Richard Burge, the then Chief Executive of the Countryside Alliance, said: "This is a march for the people and by the people and not simply rural people. The strength of support, not just from the countryside, but from towns and cities across the UK makes us feel both humble and proud." The British National Party had called for its members to join the march and support the countryside; however, the Countryside Alliance issued the following statement: "Everything we stand for is the opposite of what they believe in."

==Countryside Rocks==
The organisation held fundraising rock concerts in 2006 and 2007 under the banner "Countryside Rocks" which have attracted support from musicians including Pink Floyd's Roger Waters, The Who's Roger Daltrey, Procol Harum's Keith Reid, Roxy Music's Bryan Ferry, Eric Clapton and Genesis' Mike Rutherford.

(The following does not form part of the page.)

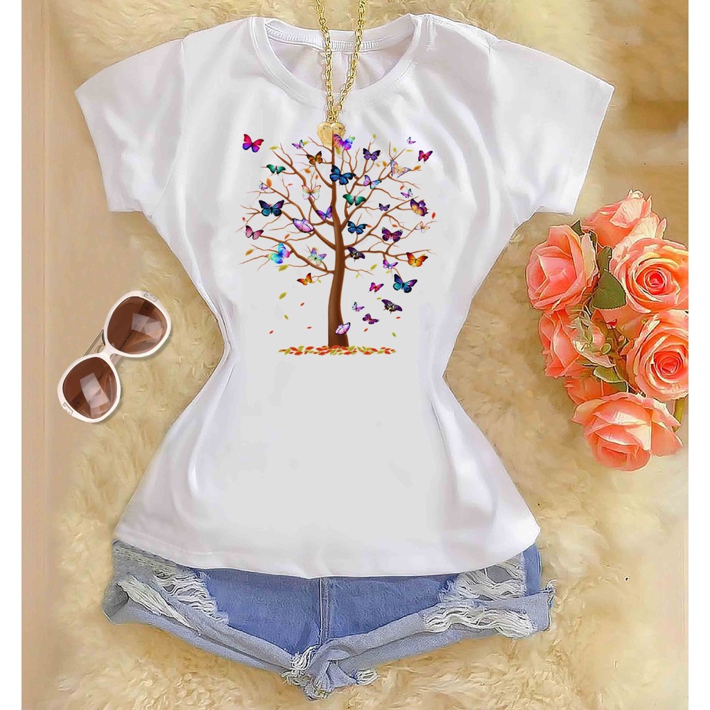 Camiseta blusa camisa t-shirt feminina arvore da vida borboletas vários modelos roupa feminina

==Conflict with conservationists==
The Countryside Alliance has previously expressed repeated concern over the governance of the RSPCA, which it argues has resulted in the charity pursuing "extremely questionable activities". In 2017, the Charity Commission announced it would be intervening, complaining that the RSPCA's standards of governance were 'unacceptably low'. In 2018, the Countryside Alliance's Chief Executive, Tim Bonner, argued that despite the intervention and recommendations by the Charity Commission, the RSPCA had not changed.

In a 2013 interview with The Daily Telegraph, the Alliance's executive chairman, Lieutenant General Sir Barney White-Spunner, called the RSPCA a "sinister and nasty" organisation and urged Alliance members to stop donating to it. The RSPCA responded by saying: "Sir Barney White-Spunner's interview shows once again how far out of touch he and his colleagues at the pro-bloodsports Countryside Alliance are with the reality of public opinion in this country." The Alliance has also criticised the RSPB and called for the sacking of TV presenter Chris Packham.